If many users are simultaneously working with a single disk drive, they may cause a tremendous amount of head movement, as the system works to satisfy all the user’s different requests for data. Two techniques are commonly used to improve disk system performance. A cache is a bank of high-speed memory used to store data that the system expects to need. For many systems, there may be little difference between reading a single sector of data compared to reading several sectors from a disk. Once the disk head assembly has moved to the correct track, reading sectors in addition to the one chosen may often take very little additional time. If the system can place one or more additional sectors from the disk in the cache, a subsequent request for data might be satisfied by the cache, without incurring the costs of head movement and disk rotation. This may be the case when sequentially reading from or writing to a file. If the data are organized on the disk such that caching is effective, system performance can be significantly improved, since data stored in the cache can be retrieved much faster than that stored on the disk.
A second way to improve system performance, particularly on multi-user computers, is to build intelligence into the disk controller to optimize a sequence of data requests. If there is a processor on the disk controller that examines all the pending data requests, it may be possible to schedule the requests in a sequence other than the order in which the request were made, to improve overall system performance. For example, the disk controller may be able to make use of knowledge of the distribution of data on the disk surface itself, in conjunction with knowledge of the current position of read/write head: to satisfy a sequence of data requests, read the data nearest the current head position before moving the head a great distance. This method may reduce the average time it takes to retrieve data over a large number of requests. Such a strategy must not be taken to an extreme; it must be ensured that all users have equitable access to the resources.
Magnetic tape storage is called sequential access, since the storage system must pass through the length of the tape to locate data elements, unlike the random access capabilities of magnetic disk systems.

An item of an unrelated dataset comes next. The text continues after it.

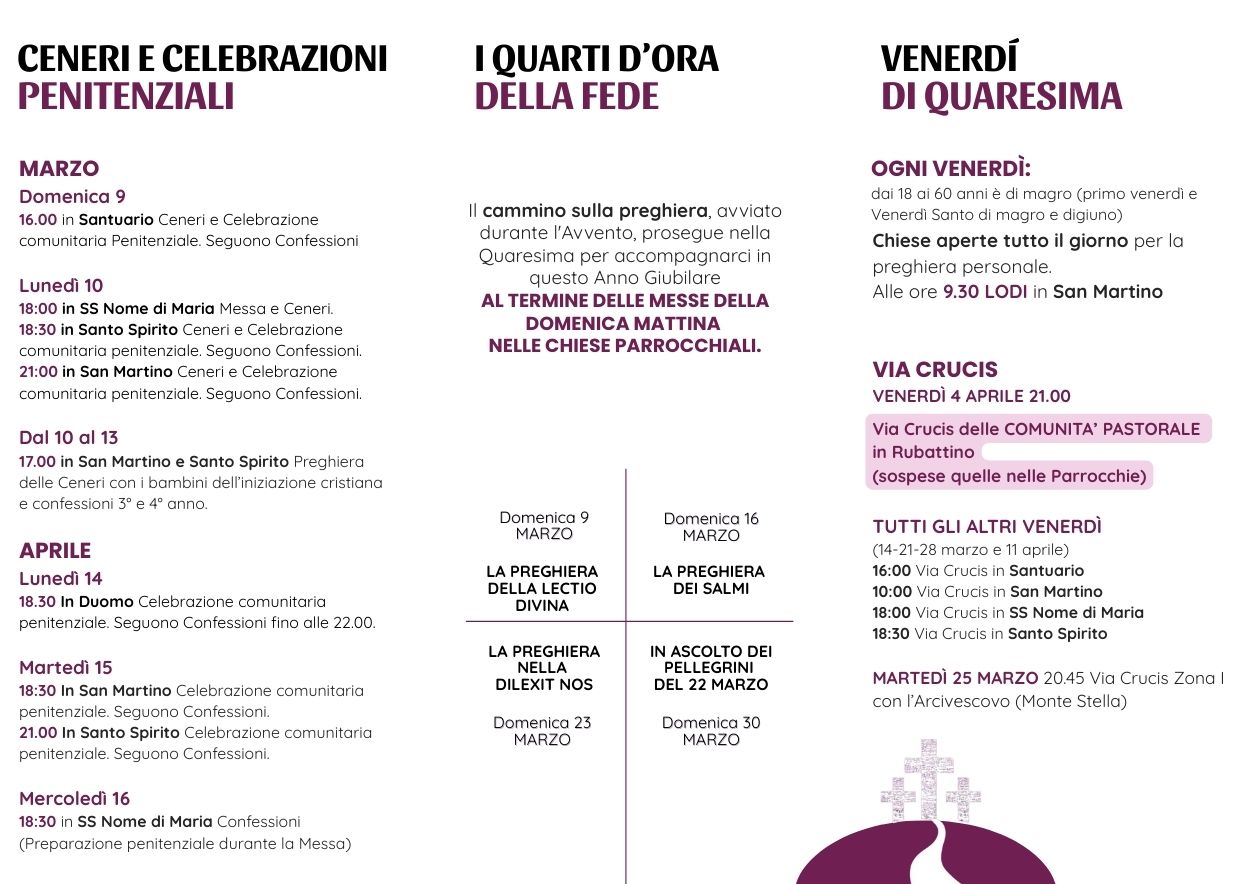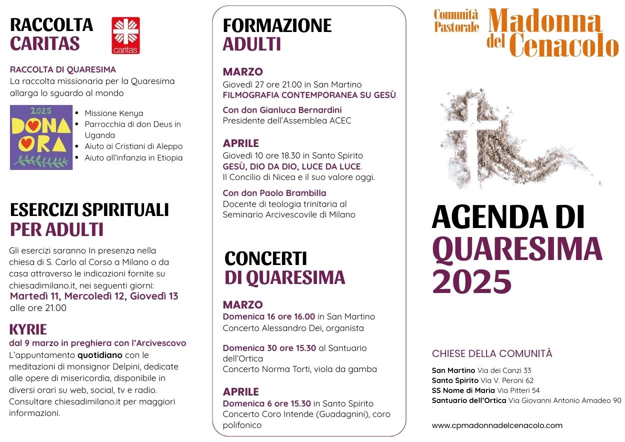 QUARESIMA 2025: calendario, preghiera e iniziative carità Postato il 27 febbraio 20257 aprile 2025 di cpmadonnadelcenacolo I QUARTO D’ORA DELLA FEDE per la Quaresima 2025. Esercizi spirituali di Quaresima 2025 con Padre Ermes Ronchi. RIASCOLTABILI su youtube. Scarica il pieghevole con tutte le date e le informazioni: SE VUOI SCARICA IL PDF: QUARESIMA 2025 3 ANTEDownload Condividi: Fai clic per inviare un link a un amico via e-mail (Si apre in una nuova finestra) E-mail Fai clic per condividere su WhatsApp (Si apre in una nuova finestra) WhatsApp Fai clic per condividere su Facebook (Si apre in una nuova finestra) Facebook Fai clic per condividere su X (Si apre in una nuova finestra) X Fai clic qui per stampare (Si apre in una nuova finestra) Stampa Correlati

The industry standard tape records a linear density of 1600 or 6250 bits per inch, with nine parallel data tracks on half-inch-wide tape. Eight of these tracks are used for data storage, and the last provides some measure of error protection. Read and write speeds of 25 to 125 inches per second are common. Cache memory buffers are common in these systems, for a similar reason as in disk systems. Since the magnetic tape cannot accelerate and decelerate instantaneously, the cache can receive or provide data in very-high-speed bursts to improve system performance. Since these devices are inherently sequential, magnetic-tape drives are inappropriate when random data access is required. They are most commonly used for database backup, long-term storage, and data transfer between systems. We mention a caveat to long-term tape storage in Chapter 12.
According to Calkins and Tomlinson (1977),
The file structure should be determined by the complexity of the data structures, the data manipulations that must be performed, and the type of computer-aided techniques to be used for example, regular computer job processing (termed batch) or interactive manipulation and analysis.

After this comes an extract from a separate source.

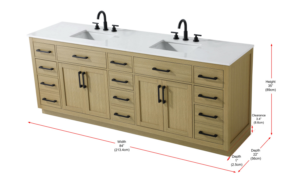 Vanity Cabinet 4Dr11Dw 84"W x 22"D x 35''H Honey Brown

A difficulty that arises here is based on the uses and users of the system. If a system is designed to support a single kind of processing problem, it is possible to define an optimum file structure, in terms of overall system performance. Design of such a structure would take into account the physical characteristics of the hardware, the design and operation of the software, and the data structure and its implementation. In contrast, when a wide variety of analytic operations are needed, supporting different kinds of users with different requirements and datasets, across several disciplines, such an optimization is much more difficult.
In the creation of a spatial database, it is necessary to provide modes of access for retrieval of both spatial and non-spatial (or attribute) information. Searches are conducted to locate features as well as sets of features. A GIS may be required to locate any of the spatial objects we mentioned in Chapter 1, or any of the components of the spatial database we discussed in Chapter 4. Some of the queries of the spatial database involve classes of features such as (from Calkins and Tomlinson, 1977; and Salmen, et al., 1977):
A single feature:
Find a second-level stream.
A set of defined features:
Find all second- and third-level streams.
An incompletely-defined feature or set of features (sometimes termed browse):
Find all features of (type = hydrography) in this region.
Features based on defined relationships within the data set:
Find all second-level streams above 3000 meters elevation.
A set of features in which the criteria are within another dataset.
For example, we may have an external database management system with both water-quality measurements as well as water-quality standards, in addition to a geographic information system with information about the stream network:
Find second-level streams with PCB pollutant levels above state water- quality guidelines.
Efficient data-retrieval operations (which of course are required during the processing phases in addition to an explicit query of the database) are largely dependent upon four items. The volume of data stored certainly affects data-retrieval speed, particularly when exhaustive search of the database is necessary. The method of data encoding can be very important to performance. This includes decisions about the types of variables to be stored as well as the way the values are stored. The design of the database structure can take advantage of knowledge of the types of problems to be solved, as we mentioned in Chapter 4. Finally, the complexity of the query directly affects the necessary calculations as well as the types and amounts of requests to be made of the database management system. These four concerns are all important to any evaluation of system performance.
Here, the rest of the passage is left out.